> **Work order**: Write the entries below out again exactly, but skip the pictures.

Saved entries:
_ _ _
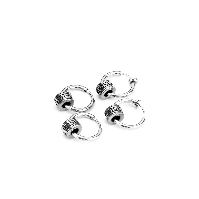 Detail Anting Baja Titanium Pria High-End Kepribadian Anting Tahun Gaya Baru Trendi Tunggal Ruffian Tampan Gesper Telinga Anting Palsu Pria
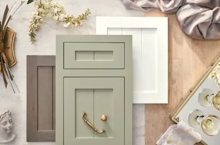 Cost-effective cabinet transformation with new doors, finishes, and hardware for a fresh, updated look.
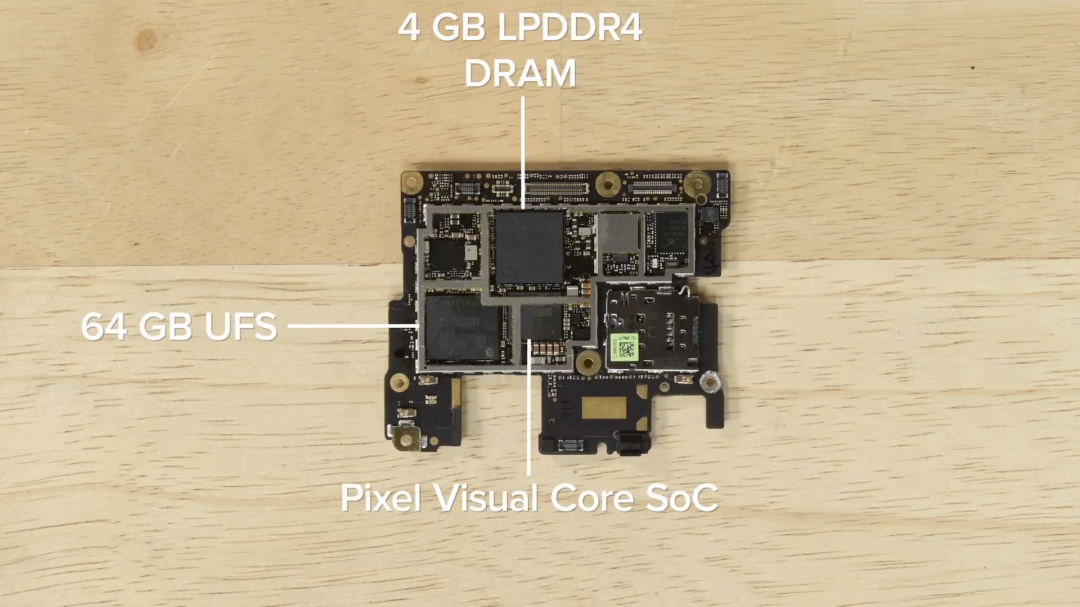 怎么办呢?我们可以从历史经验里找一点灵感。比如作为计算摄影先驱的谷歌,其实很早就发现 SoC 并不能满足 HDR 照片多帧合成的算力需求,于是在2017年发布的 Pixel 2 系列上搭载了一颗定制图像芯片:Pixel Visual Core。它让 HDR 的运算速度提升了 5 倍,功耗却只有通用 SoC 的十分之一。
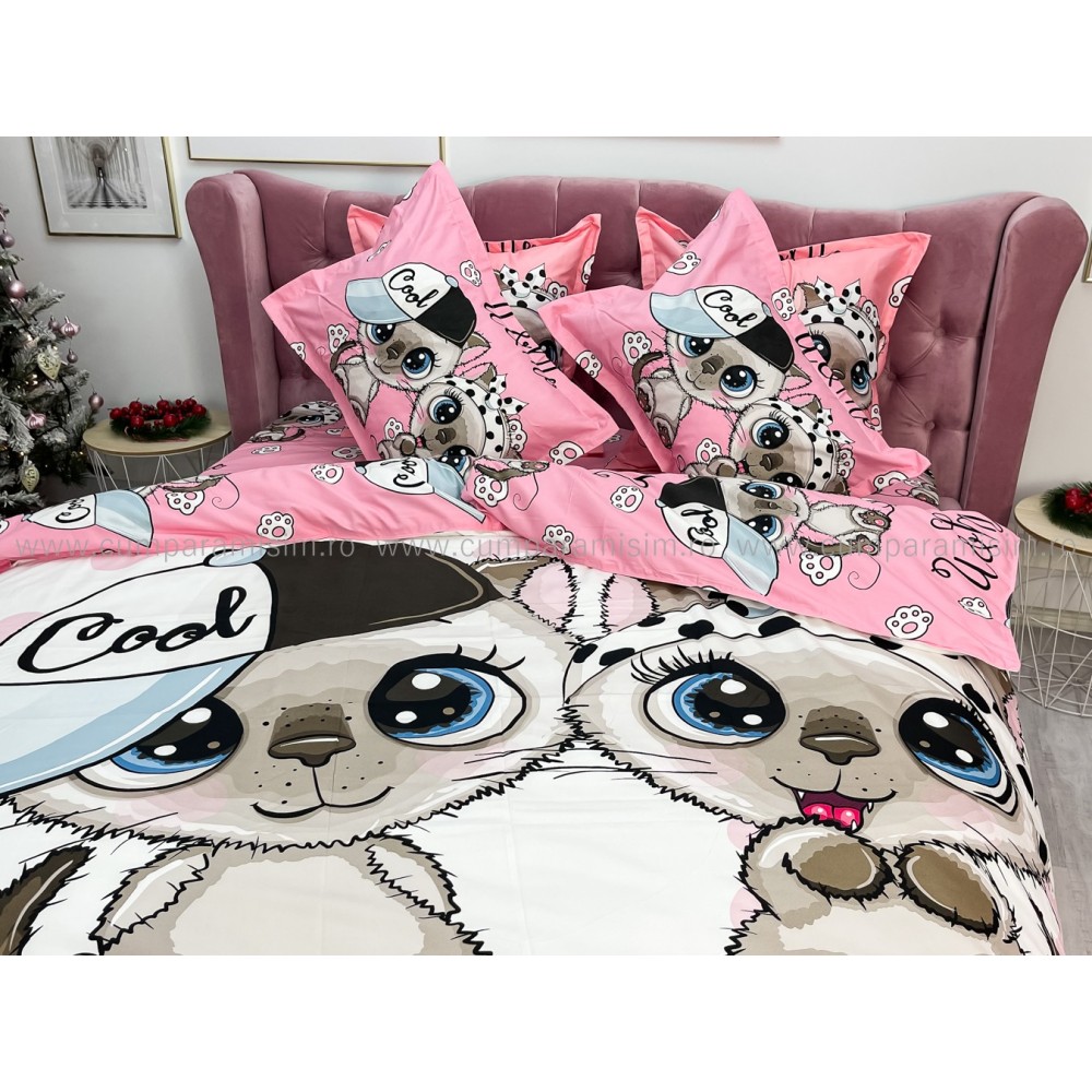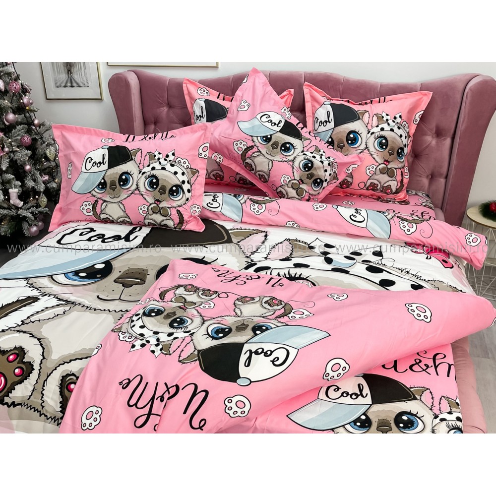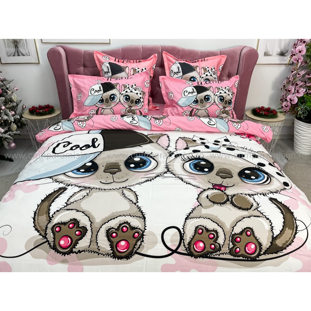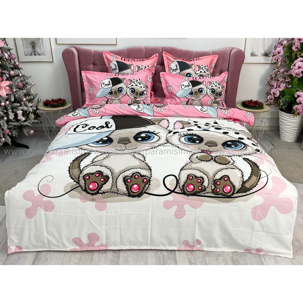 Lenjerie pat dublu, FINET, Imprimeu Digital - Identic cu poza, 6 piese, Jojo Home, Alb-Multicolor, pisici, cod produs: JOF540
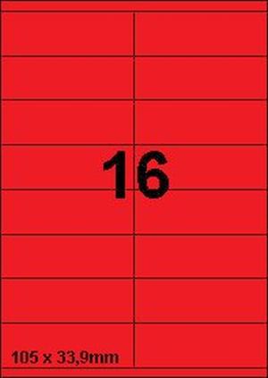 DBS etiketten 105 x 33,9 mm, 16 per blad, rood, 200 vel
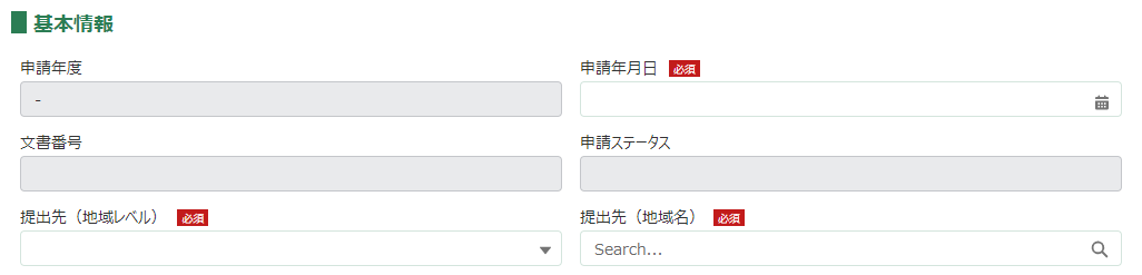 また、作成中の申請を一時保存する方法については「入力を中断し一時保存する・再開する」をご参照ください。
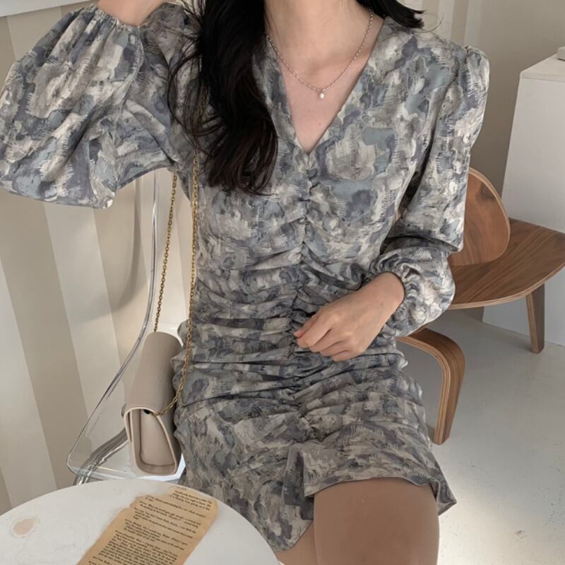 フローラルスカート スプリングサマーVネックスタンダードスリーブシフォンドレス レトロ エレガント 春物 夏物 花柄 韓国婦人12025647636
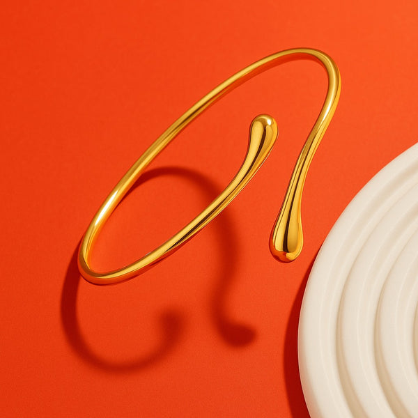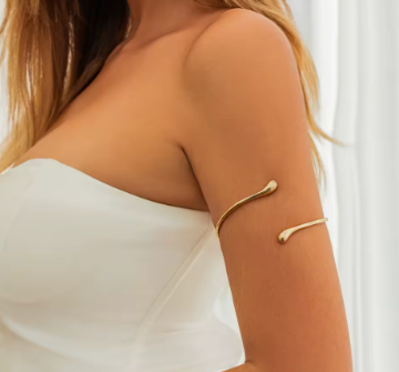 Luce el toque de lujo que transforma cualquier look. Este brazalete dorado, con un diseño fluido y moderno, abraza delicadamente tu brazo con una elegancia única. Su acabado pulido refleja la luz de forma sutil, aportando un brillo sofisticado que no pasa desapercibido.
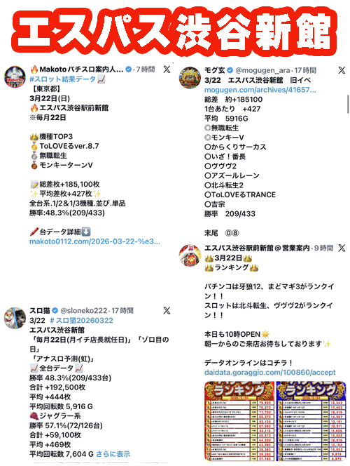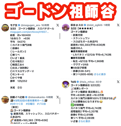 観測範囲内のトップはスロパチに創業月間の重なったゴードン祖師谷。
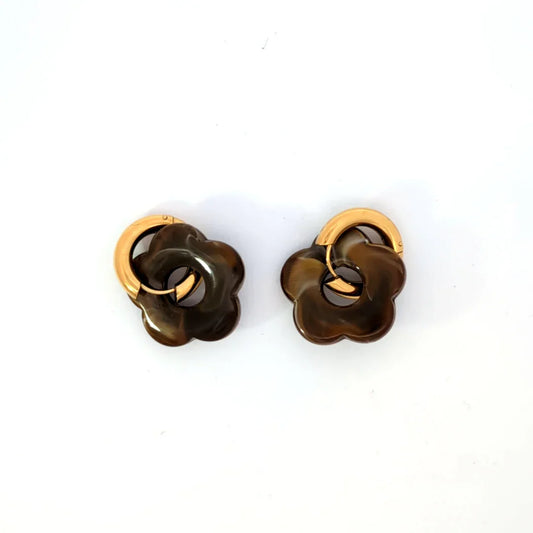 Gouden oorringetje met bruine marble bloem
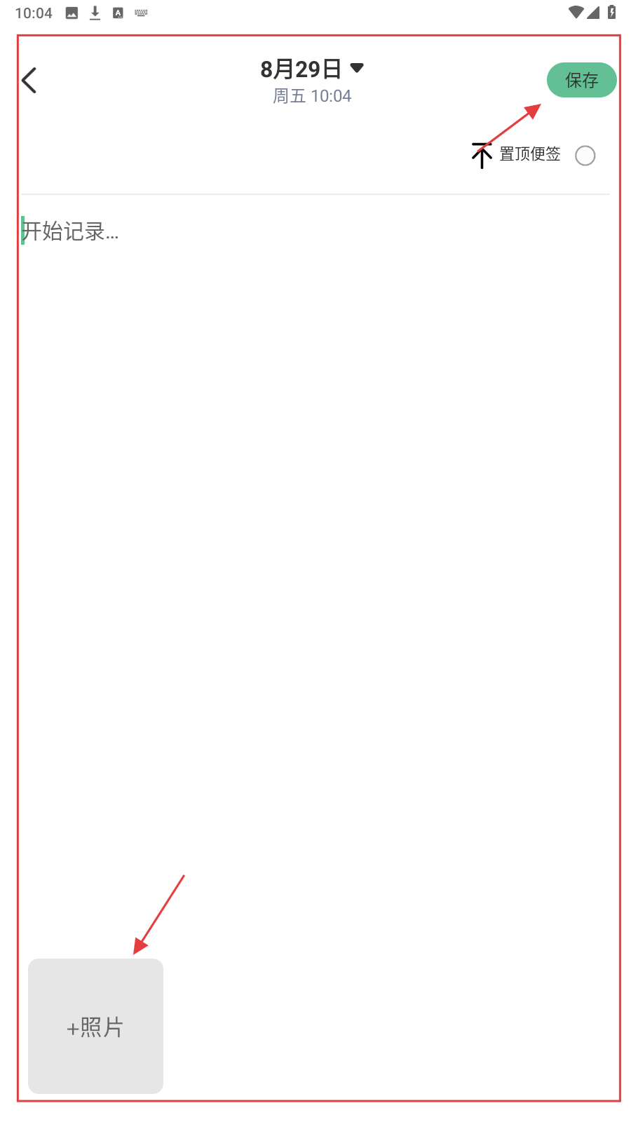 4、在便签编辑页,录入内容、选日期,可加照片,点【保存】留存。
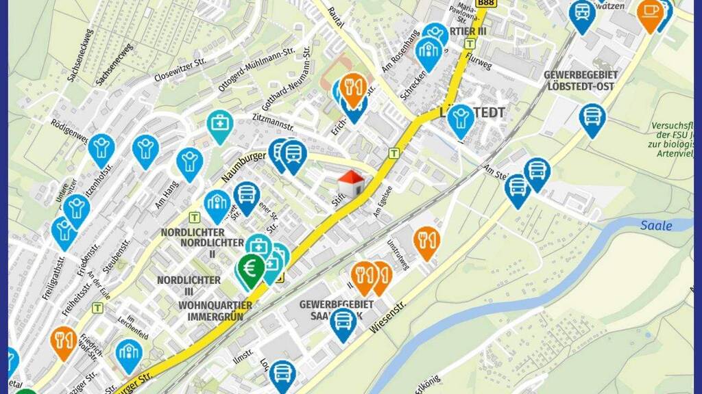 Diese exklusive Eigentumswohnung befindet sich in einem der begehrtesten Stadtteile von Jena, nur etwa 2 km vom pulsierenden Stadtzentrum entfernt. Die Lage in Jena Löbstedt bietet eine perfekte Kombination aus urbanem Lebensstil und ruhiger Wohnatmosphäre. In der unmittelbaren Umgebung finden sich zahlreiche Bildungseinrichtungen, darunter ein Kindergarten, eine Grundschule, eine Realschule und ein Gymnasium, die alle bequem innerhalb von 0,5 km zu erreichen sind. Die ausgezeichnete Anbindung an das Autobahnnetz, nur 7 km entfernt, erleichtert den Zugang zu den umliegenden Städten und Regionen. Diese Lage stellt einen idealen Ausgangspunkt für Familien und Berufspendler dar, die Wert auf eine hervorragende Infrastruktur und Nähe zu Bildungsangeboten legen.
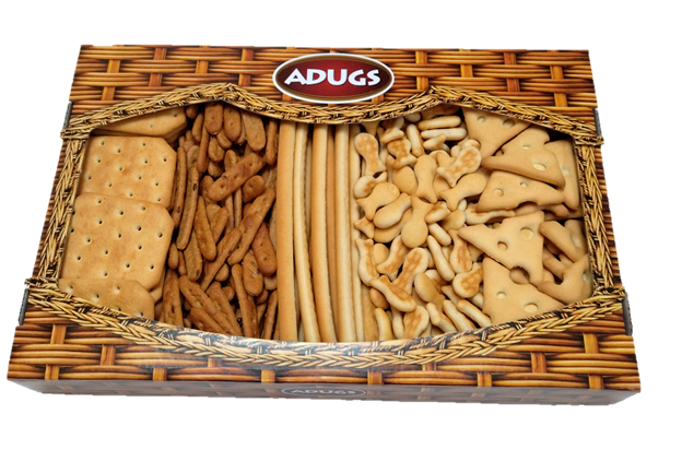 Krekeri asorti, kas sastāv no: krekera ar sipolu garšu, krekera "Rudzu standziņas", krekera “Jūras”, krekera “Saļie”, krekera ar siera aromātu.
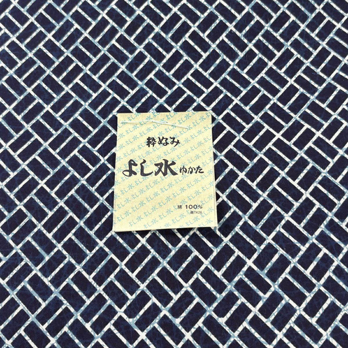 反物 優品 浴衣 入子菱 縞 紺色 綿
_ _ _
> **Answer section**:
 Detail Anting Baja Titanium Pria High-End Kepribadian Anting Tahun Gaya Baru Trendi Tunggal Ruffian Tampan Gesper Telinga Anting Palsu Pria
 Cost-effective cabinet transformation with new doors, finishes, and hardware for a fresh, updated look.
 怎么办呢?我们可以从历史经验里找一点灵感。比如作为计算摄影先驱的谷歌,其实很早就发现 SoC 并不能满足 HDR 照片多帧合成的算力需求,于是在2017年发布的 Pixel 2 系列上搭载了一颗定制图像芯片:Pixel Visual Core。它让 HDR 的运算速度提升了 5 倍,功耗却只有通用 SoC 的十分之一。
 Lenjerie pat dublu, FINET, Imprimeu Digital - Identic cu poza, 6 piese, Jojo Home, Alb-Multicolor, pisici, cod produs: JOF540
 DBS etiketten 105 x 33,9 mm, 16 per blad, rood, 200 vel
 また、作成中の申請を一時保存する方法については「入力を中断し一時保存する・再開する」をご参照ください。
 フローラルスカート スプリングサマーVネックスタンダードスリーブシフォンドレス レトロ エレガント 春物 夏物 花柄 韓国婦人12025647636
 Luce el toque de lujo que transforma cualquier look. Este brazalete dorado, con un diseño fluido y moderno, abraza delicadamente tu brazo con una elegancia única. Su acabado pulido refleja la luz de forma sutil, aportando un brillo sofisticado que no pasa desapercibido.
 観測範囲内のトップはスロパチに創業月間の重なったゴードン祖師谷。
 Gouden oorringetje met bruine marble bloem
 4、在便签编辑页,录入内容、选日期,可加照片,点【保存】留存。
 Diese exklusive Eigentumswohnung befindet sich in einem der begehrtesten Stadtteile von Jena, nur etwa 2 km vom pulsierenden Stadtzentrum entfernt. Die Lage in Jena Löbstedt bietet eine perfekte Kombination aus urbanem Lebensstil und ruhiger Wohnatmosphäre. In der unmittelbaren Umgebung finden sich zahlreiche Bildungseinrichtungen, darunter ein Kindergarten, eine Grundschule, eine Realschule und ein Gymnasium, die alle bequem innerhalb von 0,5 km zu erreichen sind. Die ausgezeichnete Anbindung an das Autobahnnetz, nur 7 km entfernt, erleichtert den Zugang zu den umliegenden Städten und Regionen. Diese Lage stellt einen idealen Ausgangspunkt für Familien und Berufspendler dar, die Wert auf eine hervorragende Infrastruktur und Nähe zu Bildungsangeboten legen.
 Krekeri asorti, kas sastāv no: krekera ar sipolu garšu, krekera "Rudzu standziņas", krekera “Jūras”, krekera “Saļie”, krekera ar siera aromātu.
 反物 優品 浴衣 入子菱 縞 紺色 綿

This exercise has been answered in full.